Eolo - Perfido - Portrait - 0007 - V2

© Eolo Perfido

Photography Eolo Perfido Camera Leica SL2 with Vario-Elmarit-SL 24-90 f/2.8-4 Asph., APO-Vario-Elmarit-SL 90-280 f/2.8-4 and APO-Summicron-SL 90 f/2 Asph.

For years, the photographer was on a quest for expressive faces: he invited models, actors, as well as strangers into his photo studio – which is among the largest in Italy. The resulting series, titled Glances, is a homage to the classic portrait, a format that is central to Eolo Perfido’s work.

Here the artist talks about how he discovered portrait photography, the kind of person he enjoys having in front of his camera, and how he manages the get the best out of his subjects.

What would you say is the meaning of a portrait?
Each portrait is an approximation. Some portrait photographers try to express daring but sincere opinions through their photographs. They aim to convey something that comes close to the truth. Others see the subject as an ‘actor’ – a way to build characters that often have little to do with the person that is being photographed.

How did portrait photography come to be one of your main areas of focus?
That’s probably because the stories I had in mind always needed people to make them complete. I was born shy, but I learnt to be persuasive in order to become a portraitist. The photographic territory, that temporary space that is created during a photo session, requires a photographer who knows how to control the smallest details with a quick word, a deep look, and the right moments of silence.  

What kind of portrait do you like the most?
I love the classic portrait in all its forms. I am very attentive as to how the anatomy is distributed within the frame because that is the ‘place’ that holds the gaze. When I create a portrait together with my subject – after all, a portrait is made by two people – I pay a lot of attention to details. Most of my time is dedicated to accompanying my subject in the search for a pose that will evoke a certain feeling, or a sense of poetry. The body is the root of the composition. 

In your view, what makes someone a good portrait photographer?
The best portraitists are those who change after every portrait because the encounter has transformed them. The lesser ones are those who always take the same portrait, regardless of the subject they are photographing, in search of an often vague image that has haunted them for years.

What are the qualities of a good subject?
Beauty, grace and intelligence. The ability to control their body, and a desire to indulge in the looks.

How would you describe your approach to your subjects?
I like to bring my subjects into my world. In order to do so, I ask them to play a character. I try to awaken or discover their acting ability. In that sense, their contribution is fundamental and very personal. A portrait is always created by two people, and what emerges is unique each and every time. I like to think of my photography as a movie that has been synthesised into a single frame.

For Glances, you photographed a number of Italian celebrities. How did this come about?
The portraits in this series are the results of both assignments and independent sessions spanning the past few years. I invited actors and models, but also strangers, to pose in my studio. I have a particular fondness for actors. Their ability to immerse themselves and convey so many different attitudes is a treasure for any portraitist.

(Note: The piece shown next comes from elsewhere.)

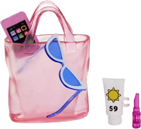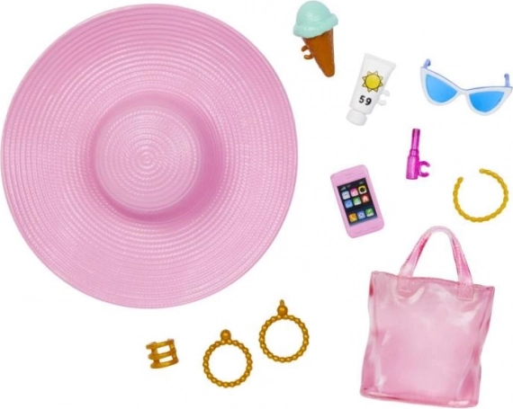 Completează stilul Barbie cu o pălărie cu margine largă, ochelari de soare tip pisică și o geantă roz plină de lucruri de plajă.
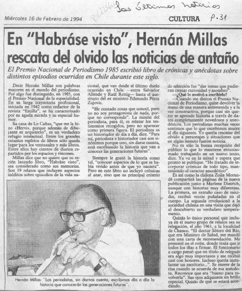 Habráse visto! artículos de Hernán Millas [artículo] Hugo Montes Brunet.

What do you especially appreciate about working with actors?
Their ability to transform themselves, like a chameleon that changes according to the context. In this case, the context is the photographer and the situation he has built. However, never assume that actors aren’t shy in front of the camera. Making a film and posing for a photograph are two very different things, there are different emotions involved.

Who did you work with in terms of makeup, hair, accessories etc. and what do you appreciate about your collaborators?
If I can, I always work with the same professionals, some of whom have followed me for over twenty years. I would like to mention the makeup artists Domenico Sanna, Mauri Menga, Valeria Orlando and Elvira Toffoli, my studio manager Antonella Catanese, as well as my collaborators Fabio Timpanaro and Lorenzo Razzino, and my studio assistant Flavia Castorina. Without their help, their vision and professionalism, I would have created less refined images.

In terms of cameras, what is your favourite working tool?
I own several Leica Camera systems – the SL, Q2, M10 and CL. I chose the Leica SL2 for my studio work for several reasons. The first is reliability. I have never been let down by a Leica. For someone who is often presented with once-in-a-lifetime opportunities to photograph celebrities, a camera’s reliability in all conditions is a fundamental requirement. As for the SL2, I love the rendering of the files. I don't know if it's the lenses with their three-dimensionality or the sensor, but the images I get are always wonderful. It's difficult to put into words, but it has to do with volume, colour dynamics and high ISO behaviour.

Your images have a cinematic look – your use of light is exceptional. What can you tell us about the significance of light in your work?
If the subject is the raw material with which the photographer constructs the portraits, the light is the ink with which the photographs are written. I am an advertising photographer, so I had to learn to work with the most complex types of illumination.

What type of lighting appeals to you the most?
When I’m shooting portraits, I prefer to keep it simple. Like the great masters of the early twentieth century, I love to work with a single source of light, which can be ambient or  artificial. I generally like to work with consistent lighting because it allows me to see the changes of the light on the subject’s face in real time, and I can modify the direction and intensity with a fluidity that really helps the cinematic dynamics of my portraits.

How would you like your images to be perceived, and how would you describe the purpose of your photography?
Photography is a conversation. Each person will see something different. In this flow of visions, the photographer positions himself as a privileged interlocutor. I'm not looking for a univocal vision – instead, I like to think of my images as generators of very different narratives according to the observer.